We presented the details of the algorithm at the Practical-DL workshop collocated with AAAI-23: Towards Hardware-Specific Automatic Compression of Neural Networks (AAAI-23: 2nd International Workshop on Practical Deep Learning in the Wild)
Happy to announce that we received the best paper award of this workshop!
Abstract:
Compressing neural network architectures is important to allow the deployment of models to embedded or mobile devices, and pruning and quantization are the major approaches to compress neural networks nowadays. Both methods benefit when compression parameters are selected specifically for each layer. Finding good combinations of compression parameters, so-called compression policies, is hard as the problem spans an exponentially large search space. Effective compression policies consider the influence of the specific hardware architecture on the used compression methods. We propose an algorithmic framework called Galen to search such policies using reinforcement learning utilizing pruning and quantization, thus providing automatic compression for neural networks. Contrary to other approaches we use inference latency measured on the target hardware device as an optimization goal. With that, the framework supports the compression of models specific to a given hardware target. We validate our approach using three different reinforcement learning agents for pruning, quantization and joint pruning and quantization. Besides proving the functionality of our approach we were able to compress a ResNet18 for CIFAR-10, on an embedded ARM processor, to 20% of the original inference latency without significant loss of accuracy. Moreover, we can demonstrate that a joint search and compression using pruning and quantization is superior to an individual search for policies using a single compression method.

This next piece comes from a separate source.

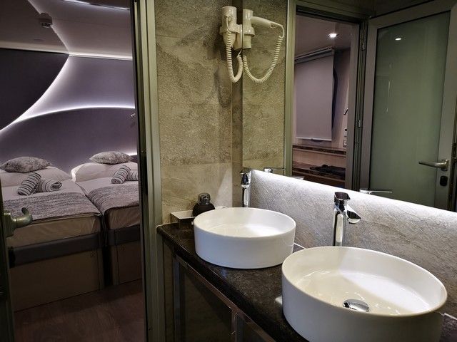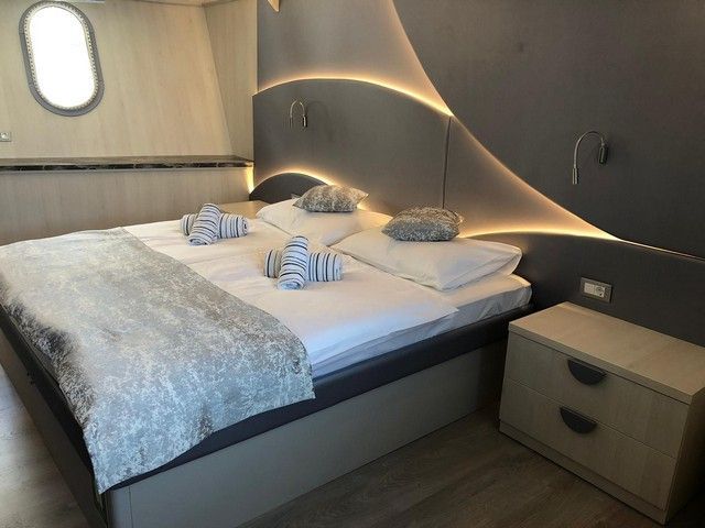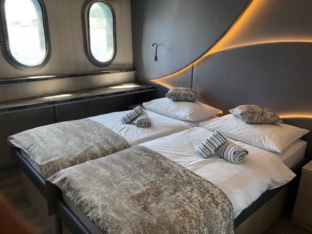 Ce yacht moderne et raffiné dispose de 18 cabines spacieuses, toutes équipées d’une salle de bains privative et des commodités les plus récentes. Avec une capacité maximale de 36 passagers, vous profiterez d’une ambiance chaleureuse et conviviale, propice aux belles rencontres et aux moments de détente.

Most important dependencies of the project are PyTorch and Apache TVM. To install all dependencies first create a new
conda environment using the included environment.yml
by:
conda env create --name galen --file=environments.yml
# activate created environment
conda activate galen
It is recommended to build Apache TVM from source when you want to test with hardware feedback. For tests without hardware feedback you could install using pip:
# CPU build only
pip install apache-tvm
To build from source using the created conda environment:
conda activate galen
cd ..
git clone --recursive https://github.com/apache/tvm tvm
cd tvm
mkdir build
cp ../cmake_build_config.cmake ./build/config.cmake
# or use the original tvm cmake config / configure by yourself (details: https://tvm.apache.org/docs/install/from_source.html#build-the-shared-library):
# cp cmake/config.cmake build
cd build
cmake ..
# -j specifies the number of compile threads
make -j4
To make the TVM python library usable on your system, add the following to your .bashrc
(or .zshrc
(...)):
export TVM_HOME=/path/to/tvm # replace with tvm repository location on your system
export PYTHONPATH=$TVM_HOME/python:${PYTHONPATH}
To search a compression policy for a ResNet18 model you first have to train the model on CIFAR-10. The model itself and the used data is downloaded automatically. To train for 100 epochs, use the provided script:
bash ./scripts/train_resnet18.sh
To run a compression search using the joint pruning & quantization agent without measuring the latency:
bash ./scripts/search_pq_no_hw.sh
Per episode a result dict will be stored as pickle file in the directory ./logs
. The result dict holds the search
accuracy per episode but also the found policy and additional metrics.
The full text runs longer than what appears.